▶ [WHAT TO WORK ON]
Return the listing below unchanged, except that the pictures are dropped.

--------

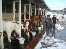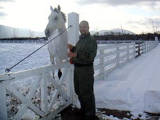 平成18年12月31日晴れ、蒜山高原へ行ってみた・・・シーズンオフで何もかも休み、牧場も午後2時で終了・・・ でも奥へ行ってみると馬に人参を食べさせることができる処があり!ワンカップ100円だったのでやってみました。 馬に近づくと前足で地面をバカバカ叩いてエサをくれってねだります。近くによるとあまりに大きな顔に驚いてしまいました。
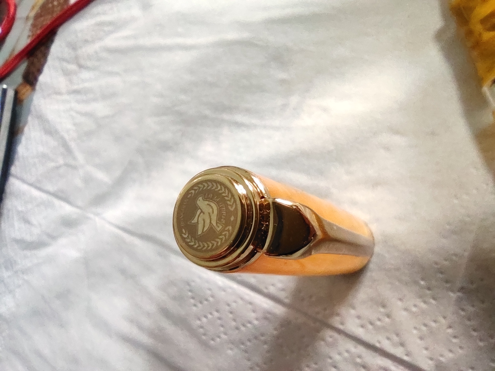 Cappuccio con incisione laser che raffigura la colomba della pace.
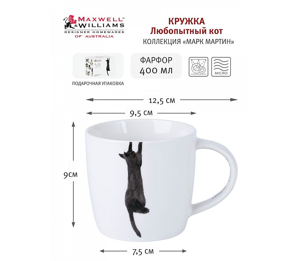 Кружка Любопытный кот Maxwell & Williams 400 мл. Подарочная упаковка. Мыть теплой водой с применением жидких моющих средств. Можно использовать в СВЧ и посудомоечной машине.
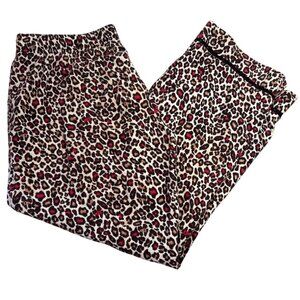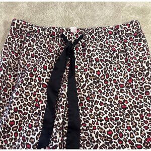 laSenza Pajamas Womens Leopard Print Button Up Lg Black White Pink Lace Trim
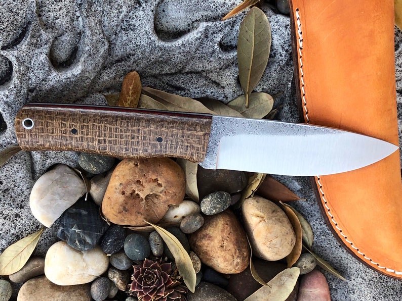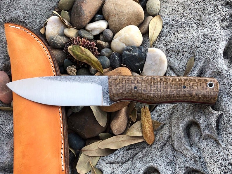 9 Inch Handmade Drop Point Fixed Blade Knife, Leather Sheath, Hiking, Bushcrafting or Camping, Cowboy Coffee Burlap Micarta Handle
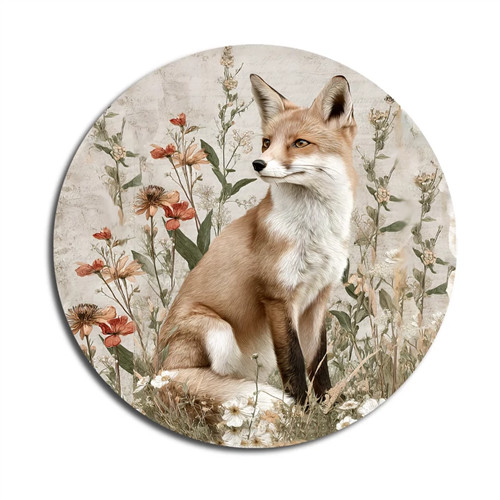 Nyomtatott fa tábla koszorú közép 11,8cm - Erdei állatok - róka
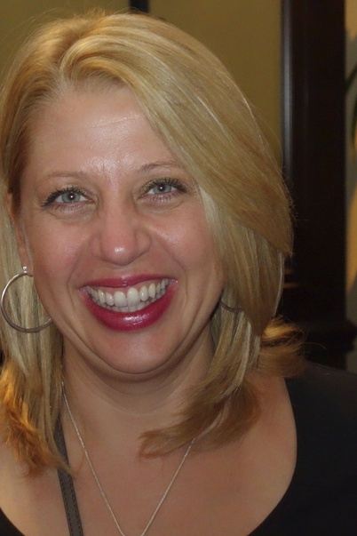 This is a picture of a happy blonde woman, smiling and wearing a black shirt. |

--------

▶ [TASK RESPONSE]
 平成18年12月31日晴れ、蒜山高原へ行ってみた・・・シーズンオフで何もかも休み、牧場も午後2時で終了・・・ でも奥へ行ってみると馬に人参を食べさせることができる処があり!ワンカップ100円だったのでやってみました。 馬に近づくと前足で地面をバカバカ叩いてエサをくれってねだります。近くによるとあまりに大きな顔に驚いてしまいました。
 Cappuccio con incisione laser che raffigura la colomba della pace.
 Кружка Любопытный кот Maxwell & Williams 400 мл. Подарочная упаковка. Мыть теплой водой с применением жидких моющих средств. Можно использовать в СВЧ и посудомоечной машине.
 laSenza Pajamas Womens Leopard Print Button Up Lg Black White Pink Lace Trim
 9 Inch Handmade Drop Point Fixed Blade Knife, Leather Sheath, Hiking, Bushcrafting or Camping, Cowboy Coffee Burlap Micarta Handle
 Nyomtatott fa tábla koszorú közép 11,8cm - Erdei állatok - róka
 This is a picture of a happy blonde woman, smiling and wearing a black shirt. |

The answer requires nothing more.